In Pictures
Election in Mugabe’s homeland
With so much of the attention in Harare, Al Jazeera captures the vote from its outskirts.

Zvimba district, Zimbabwe – They came in their thousands. Wrapped in blankets, and tightly covered in woolen scarves, Zimbabweans braved an icy winter’s morning on Wednesday to vote in an election touted as among the most important, and closest in the country’s history.
Voting across the country took place without any major incident, polling stations opened on time in most places and as the vote neared completion, electoral officials, observers and even the main opposition party, the MDC-T, expressed relative satisfaction with the proceedings.
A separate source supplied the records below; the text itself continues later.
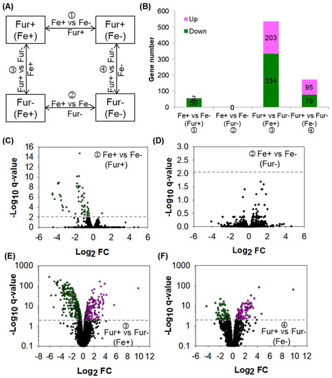 The DEGs identified between the Fur wild-type and knockout strains with or without iron supplied. (A) Experimental design of the four comparisons of transcriptomes. Fe+: with iron supplied in the medium; Fe−: without iron supplied in the medium; Fur+: Fur wild-type strain NCM3722; Fur−: Fur-knockout strain CY405. (B) The number of the DEGs identified in each of the four comparisons of transcriptomes. Up: up-expressed DEGs; Down: down-expressed DEGs. (C–F) Volcano map comparing the expression of genes in each of the four comparisons of transcriptomes. Horizontal lines point to q-value = 0.01. Pink dots indicate up-expressed DEGs. Green dots indicate down-expressed DEGs, and black dots indicate genes not differentially expressed (non-DEGs). (C,D) NCM3722 (C) or CY405 (D) grown in the medium with iron versus that without iron. (E,F) NCM3722 versus CY405 grown in the medium with (E) or without iron (F).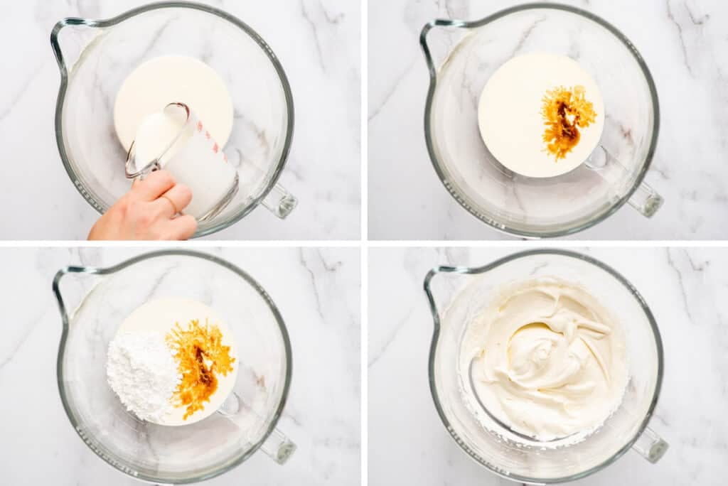 - Cream cheese whipped cream: Use 4 ounces of cream cheese. Beat the sugar and vanilla into softened cream cheese until well-mixed. In a separate bowl, whip heavy cream into stiff peaks and then fold the whipped cream into the cream cheese mixture until uniform in color.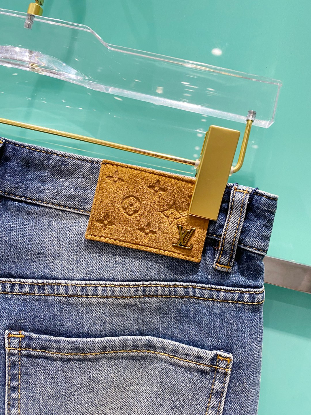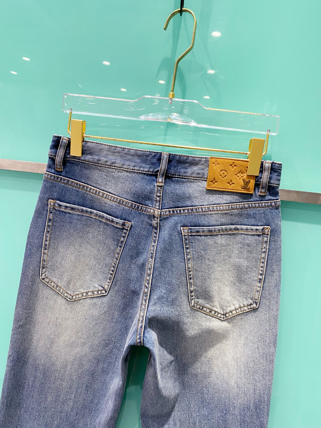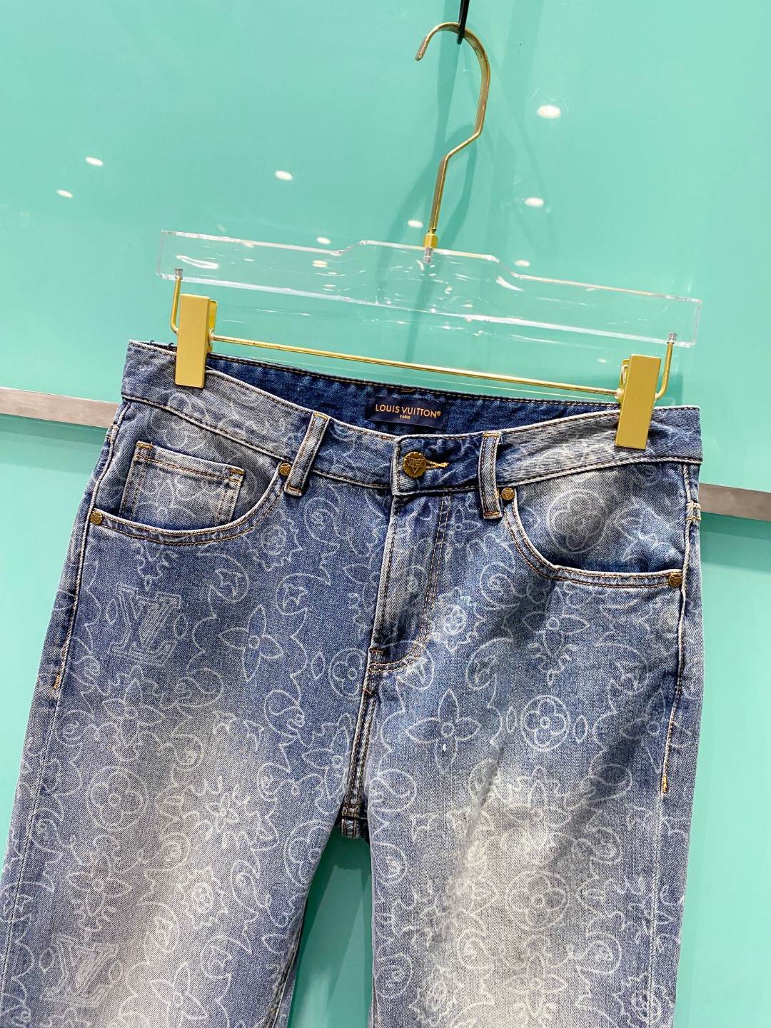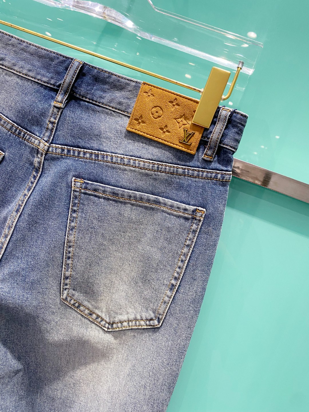 LV 2025 early fall men's casual jeans, top quality. Official website available. Custom cotton denim. Versatile for casual/formal wear. Sizes 29-38.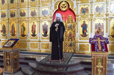 По окончании богослужения митрополит Владимир обратился к верующим с архипастырским словом и преподал благословение.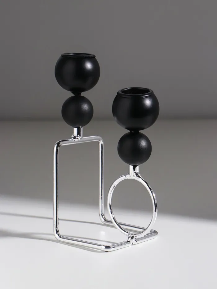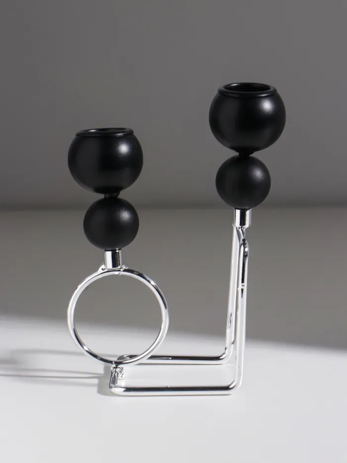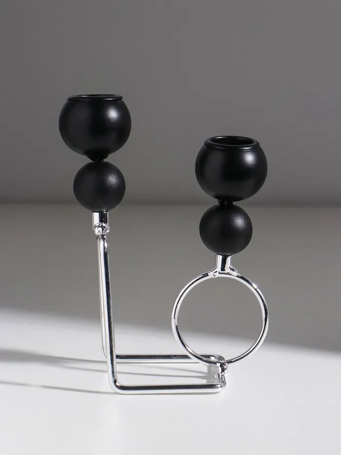 Подсвечник на 2 свечи «Шары. Абстракция», d=2.2 см, чёрный и хром, 11.5×7×16.2 см — Характеристики

Voter turnout in the urban areas, traditional strongholds of the opposition, was high, fueling speculation that these elections would work in Morgan Tsvangirai’s favour.
But the morning after, old questions over the vote’s credibility began to resurface.
Morgan Tsvangirai, leader of the MDC-T party called the elections “a huge farce” and described the process as “null and void”.
The vote might have been peaceful, say local observers but the irregularities run far and deep.
Over 70 percent of Zimbabweans live in the rural areas and with attention almost entirely focussed on electoral fraud and the urban vote, it is on the city outskirts and in the rural villages where the real battle for the country’s soul, was always likely to take place.
Al Jazeera travelled to President Robert Mugabe’s home district, Zvimba in Mashonaland West, to capture the mood mostly outside the lens of foreign media.